Personal information
- Full name: Gustavo Martin Emilio Hamer
- Date of birth: 24 June 1997 (age 29)
- Place of birth: Itajaí, Brazil
- Height: 5 ft 7 in (1.70 m)
- Position: Attacking midfielder

Team information
- Current team: Coventry City
- Number: 38

Youth career
- 2011–2016: Feyenoord

Senior career*
- Years: Team / Apps / (Gls)
- 2016–2018: Feyenoord / 2 / (0)
- 2017–2018: → Dordrecht (loan) / 34 / (3)
- 2018–2020: PEC Zwolle / 48 / (4)
- 2020–2023: Coventry City / 123 / (17)
- 2023–2026: Sheffield United / 114 / (18)
- 2026–: Coventry City / 2 / (0)

International career^{‡}
- 2014: Netherlands U18 / 1 / (0)
- 2016: Netherlands U20 / 3 / (0)

= Gustavo Hamer =

Association football player (born 1997)

Gustavo Martin Emilio Hamer (born 24 June 1997) is a professional footballer who plays as an attacking midfielder for club Coventry City. Born in Brazil, he has represented the Netherlands at youth level.

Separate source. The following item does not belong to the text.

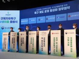 중소벤처기업부는 국정과제 ‘규제샌드박스 플러스’, 규제자유특구 협력네트워크(상생이음)를 9월 27일 출범했다고 밝혔다.‘특구 상생이음’을 통해 기존 각 특구가 개별적으로 실증 사업을 추진하는 구조
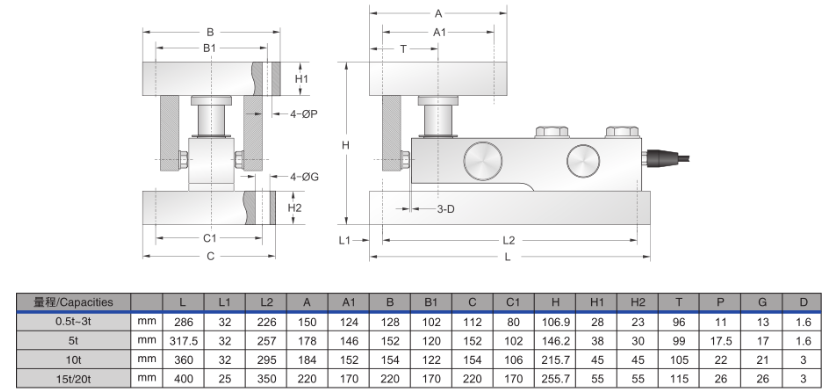 MXI廣州南創(chuàng)電子科技有限公司美國傳力SBT-CW-0.5t MODULE稱重模塊技術圖:MXI廣州南創(chuàng)電子科技有限公司

After moving to the Netherlands as a child, Hamer began his career at Feyenoord where he progressed through the youth system. He made two appearances for the first team before being loaned out to FC Dordrecht for the 2017–18 season.

==Club career==

=== Feyenoord ===
Born in Brazil, Hamer moved to the Netherlands as a child. As a youth player he was rejected by ADO Den Haag before joining Feyenoord's youth academy. He progressed well at Feyenoord, and earned caps for both the Netherlands U18 and U20 sides. Hamer made his professional debut on 2 April 2017 in an Eredivisie match against Ajax, coming on as an 89th-minute substitute in a 2–1 loss. Three days later, on 5 April 2017, he would make his second and what would prove to be last appearance for Feyenoord in an 8–0 win against Go Ahead Eagles.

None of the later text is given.